_Collected data:_
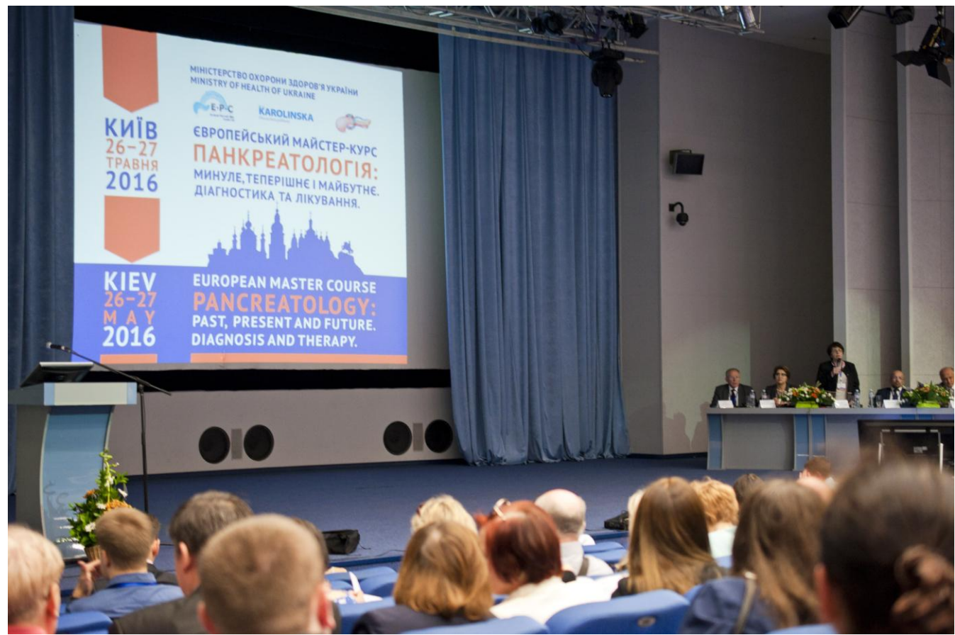
Fig. 2. Opening of the Master Course.
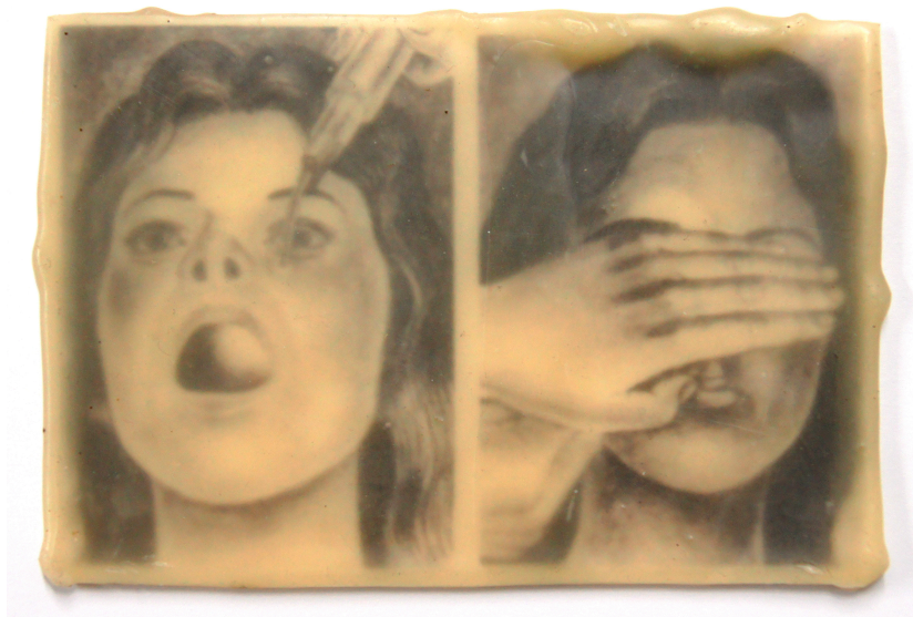
Anatomical Atlas 1 (Alexis Kinloch)

These images are part of an ongoing project to create a contemporary anatomical atlas that looks at the ways that the human vessel is researched, counted and collected. They reflect on the ubiquity of medicine and science in the context of our everyday lives.

_What is being asked:_
Transcribe the material exactly, and leave out whatever pictures it holds.

_Written answer:_
Fig. 2. Opening of the Master Course.
Anatomical Atlas 1 (Alexis Kinloch)

These images are part of an ongoing project to create a contemporary anatomical atlas that looks at the ways that the human vessel is researched, counted and collected. They reflect on the ubiquity of medicine and science in the context of our everyday lives.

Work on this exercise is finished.